• _Exercise data_
▬▬▬
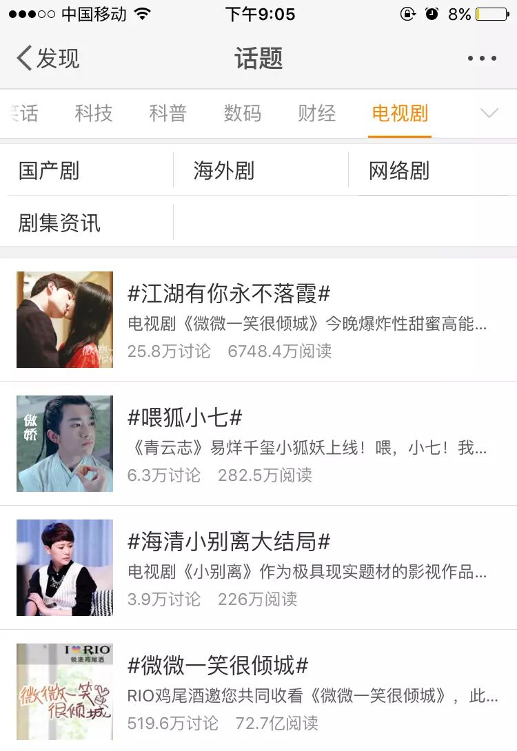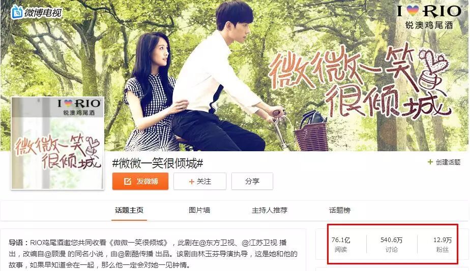 其中值得一提的是,阅读量75.8亿的微博话题就是由@由@电视剧微微一笑很倾城 发起,RIO鸡尾酒赞助的,6日整天有很长一段时间占据微博热搜前三。而昨晚《微微》大结局,电视剧放映期间,微博话题#江湖有你永不落霞#也登上热搜榜,网友自发纪念《微微》的happy ending。
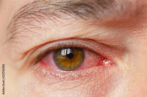 Closeup irritated infected red bloodshot eyes, conjunctivitis
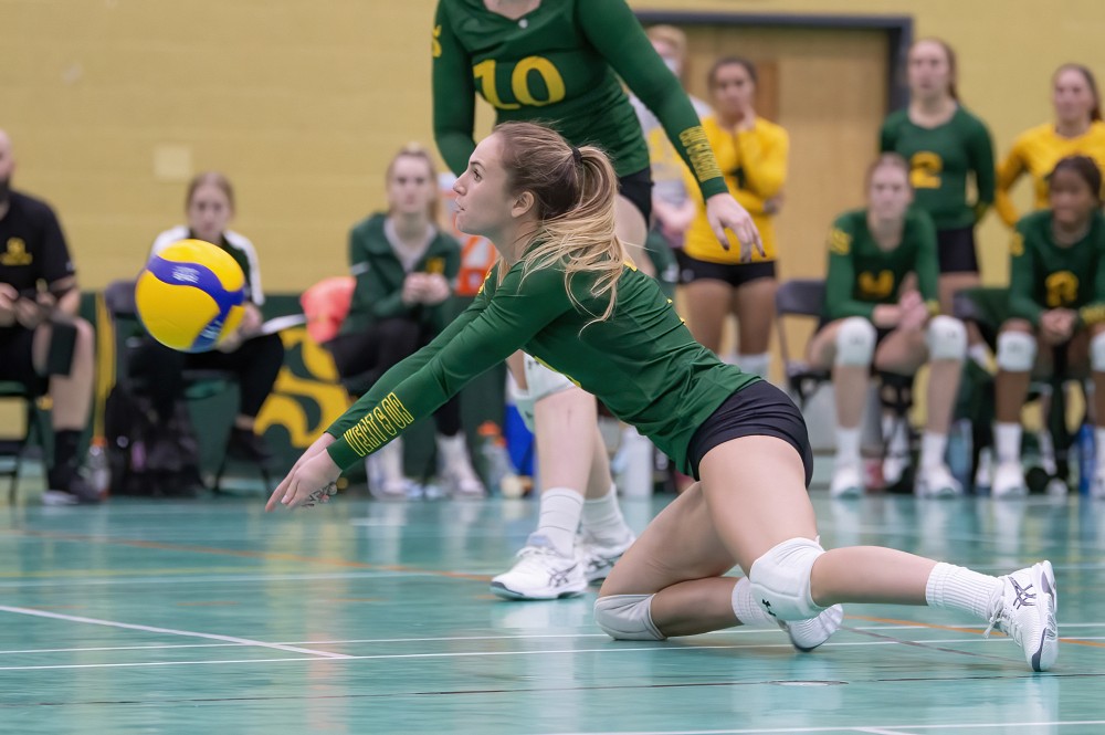 À l’amorce du deuxième set, les porte-couleurs du Vert & Or ne voulaient pas changer une formule gagnante et ont de nouveau pris les devants par plusieurs points. Elles menaient même 9-3 au premier tiers de la manche. Ce coussin s’est cependant aminci au fil des échanges, jusqu’à permettre à l’équipe adverse de prendre l’avantage 23-21. Les protégées de Rachèle Béliveau ont ensuite tenu le coup malgré les efforts du Vert & Or pour remonter la pente, ramenant ainsi les deux formations à égalité. Le pointage final de ce second set a été de 25-23 et le tableau indicateur indiquait alors 1-1 après deux sets.
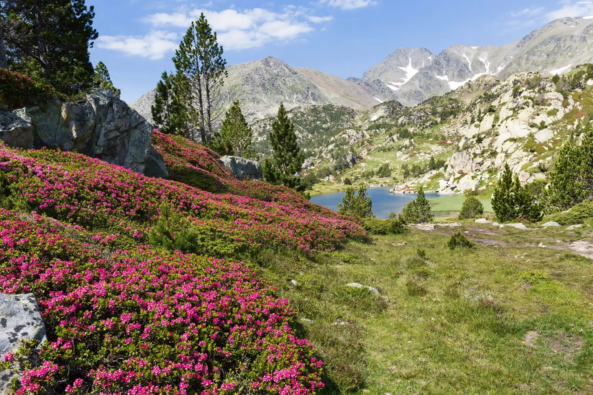 Rododendrony, Wiosna, Góry, Jezioro, Łąk na Komórkę
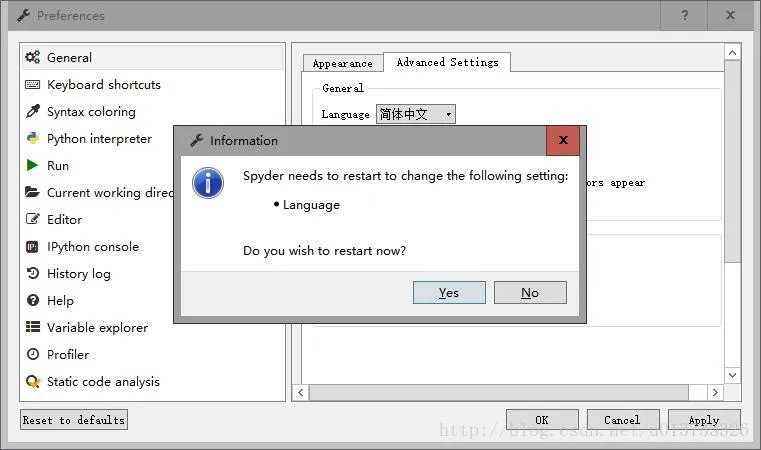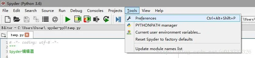 现在汉化已经完成,重新打开Spyder,找到Tools –> Perferences
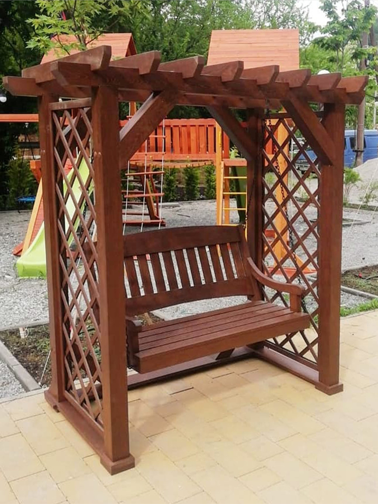 Размер: длина лавки 1300мм с подлокотниками,  длина по стенкам перголы 1700мм, ширина по стенкам перголы 900мм, высота перголы  2000мм.
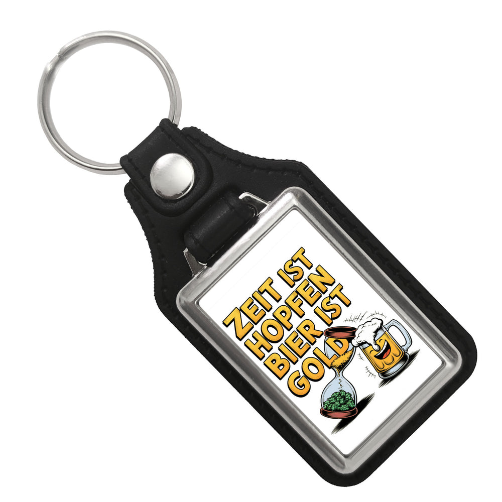 Zeit ist Hopfen, Bier ist Gold Schlüsselanhänger Bierkrug & Sanduhr
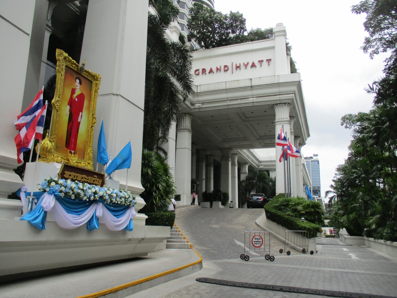 8月12日はクイーンシリキット王妃生誕記念日で、タイにおける「母の日」でもあります。グランド ハイアット エラワン バンコク ホテルのエントランスには王妃様の写真が飾られたり、イベントが開催されていました。記念日当日は客室のテレビでは全てのチャンネルで国を挙げて開催された式典の中継が放映されていました。少し異様な雰囲気でしたがタイの文化を肌で感じることができました。
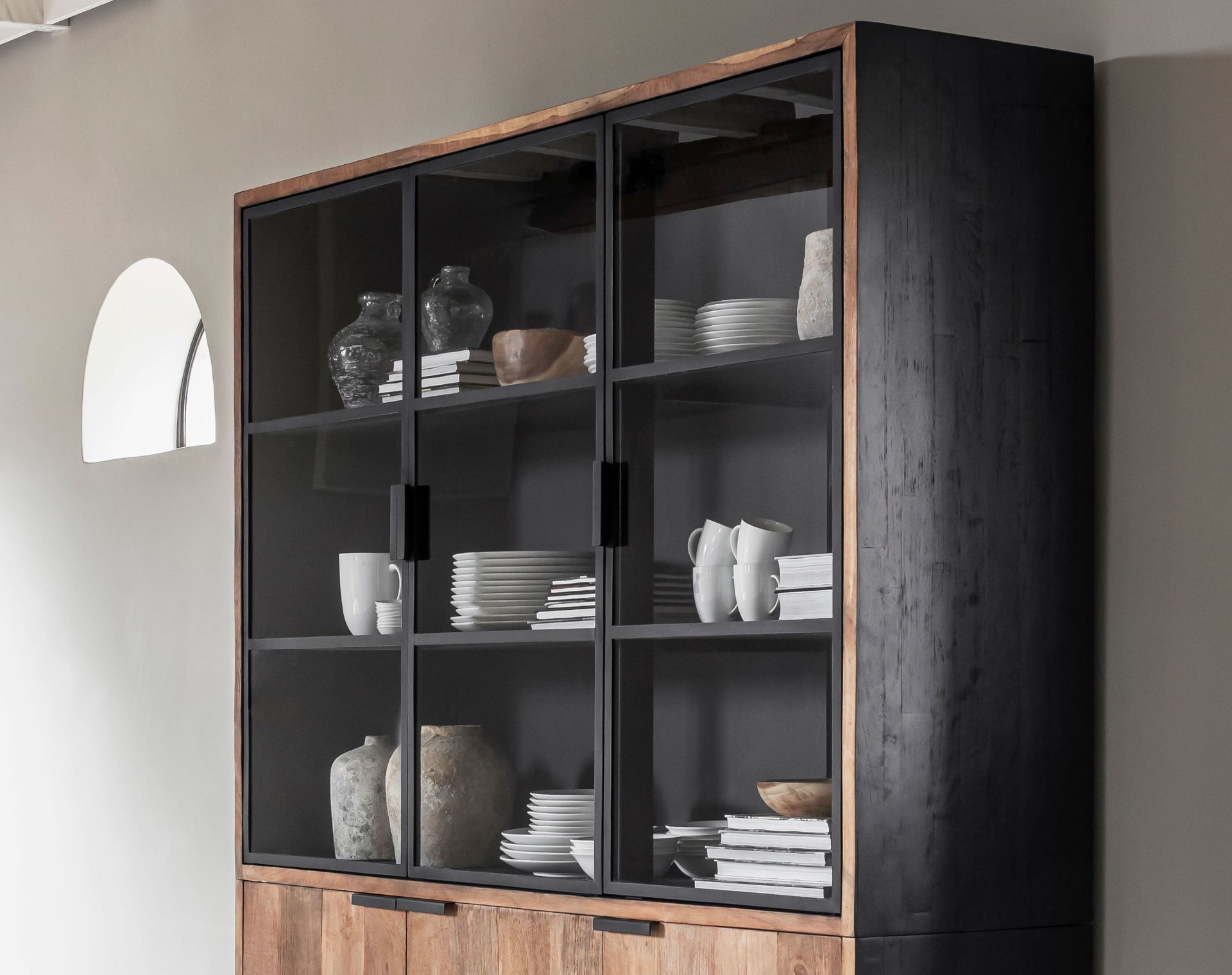 Stoere industriële vitrinekast van oud recycled teak en stalen frame. Dit model is leverbaar doorgaans direct uit voorraad. Hetzelfde hout wordt gebruikt voor onze Maldini, Noma, Marconi en Cavallo serie. Het oude teak hout krijgt een 2e leven in deze meubels, elk meubel heeft zijn eigen karakteristieke kenmerken wat elk meubel uniek qua uitstraling maakt.
▬▬▬
• _Exercise requirements_
Nothing but the lines from the beginning of the material through the line with "Closeup irritated infected" should appear, printed exactly, with no pictures among them.

• _Exercise output_
 其中值得一提的是,阅读量75.8亿的微博话题就是由@由@电视剧微微一笑很倾城 发起,RIO鸡尾酒赞助的,6日整天有很长一段时间占据微博热搜前三。而昨晚《微微》大结局,电视剧放映期间,微博话题#江湖有你永不落霞#也登上热搜榜,网友自发纪念《微微》的happy ending。
 Closeup irritated infected red bloodshot eyes, conjunctivitis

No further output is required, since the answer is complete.